Figure 4. Interaction of YgfD and Sbm in vitro.

Figure 4

A. Expression and purification of His-tagged Sbm (left panel) and YgfD (right panel) run on 12% SDS-PAGE and stained by Coomassie blue. For both: lane 1, total cell lysate; lane 2, final wash fraction before elution; lane 3, eluate containing purified protein. B. Native 4–20% polyacrylamide gel containing Sbm apoenzyme incubated with increasing molar equivalents of YgfD pre-incubated with GMPPNP. Sbm ran at ~80 kDa monomer and ~160 kDa dimer (Sbm only lane), while YgfD (~40 kDa) was run off this gel but not seen previously (YgfD only lane).

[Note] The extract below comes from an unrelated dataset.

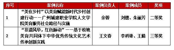 近日,由广东省教育厅举办的广东高校美育改革创新优秀案例评选获奖名单揭晓,全省本、专科学校共有259个案例上榜,我院余蓉、朱丽芳教师团队获高职组二等奖,王文春、李科锋、王婧教师团队获三等奖,这是我院教师参加全省高校美育改革创新优秀案例评选的一个突破。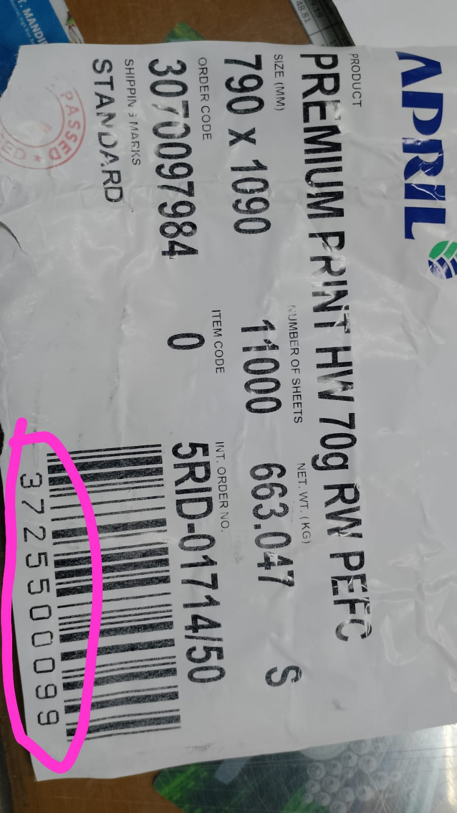 Quality Complaint Specification : HVS 70 GR, 79 X 109 CM RAPPREM

Note appearance of species (Complex 1 and Complex 2) with masses in excess of the 232 kDa MW standard at increasing YgfD ratio (maximal band shift obtained at 4:1 YgfD:Sbm incubation mix). C. Purified Sbm, YgfD, or an equal mixture of the two, were analyzed by gel filtration. Proteins were run in the presence of MW standards (bovine milk α-lactalbumin (14.2 kDa), bovine erythrocytes carbonic anhydrase (29 kDa), chick egg albumin (45 kDa), BSA (66 kDa – monomer, 132 kDa – dimer), and Jack Bean urease (272 kDa – trimer, 545 kDa – hexamer)) to prevent precipitation and loss of proteins during sieving. Panel 1, MW standards with molecular masses in kDa indicated above each peak; Panel 2, Sbm plus MW standards, with Sbm monomer (“α”) and dimer (“αα”) peaks filled in black; Panel 3, YgfD plus MW standards with YgfD peak in black; Panel 4, YgfD plus Sbm with each protein and putative complex (“ααyy”) filled in black. Peaks in black were determined by comparison with peaks in Panel 1. The x- and y-axis refer to time (min) and elution profile at OD280, respectively, for all charts. D. Native 4–20% polyacrylamide gel containing different combinations of YgfD and Sbm with or without prior incubation to cofactor/coenzyme demonstrating that only YgfD pre-incubated with GMPPNP results in complex formation with Sbm. Lane 1, YgfD:GMPPNP & Sbm:AdoCbl; Lane 2, YgfD:GMPPNP & Sbm:HOCbl; Lane 3, YgfD:GMPPNP & Sbm; Lane 4, YgfD & Sbm:AdoCbl; Lane 5, YgfD & Sbm:HOCbl; Lane 6, YgfD & Sbm; Lane 7, Sbm:AdoCbl; Lane 8, Sbm:HOCbl; Lane 9, Sbm; Lane 10, YgfD:GMPPNP; Lane 11, YgfD; Lane 12, YgfD:GTP; Lane 13, YgfD:GDP; Lane 14, YgfD:GTP & Sbm; Lane 15, YgfD:GDP & Sbm.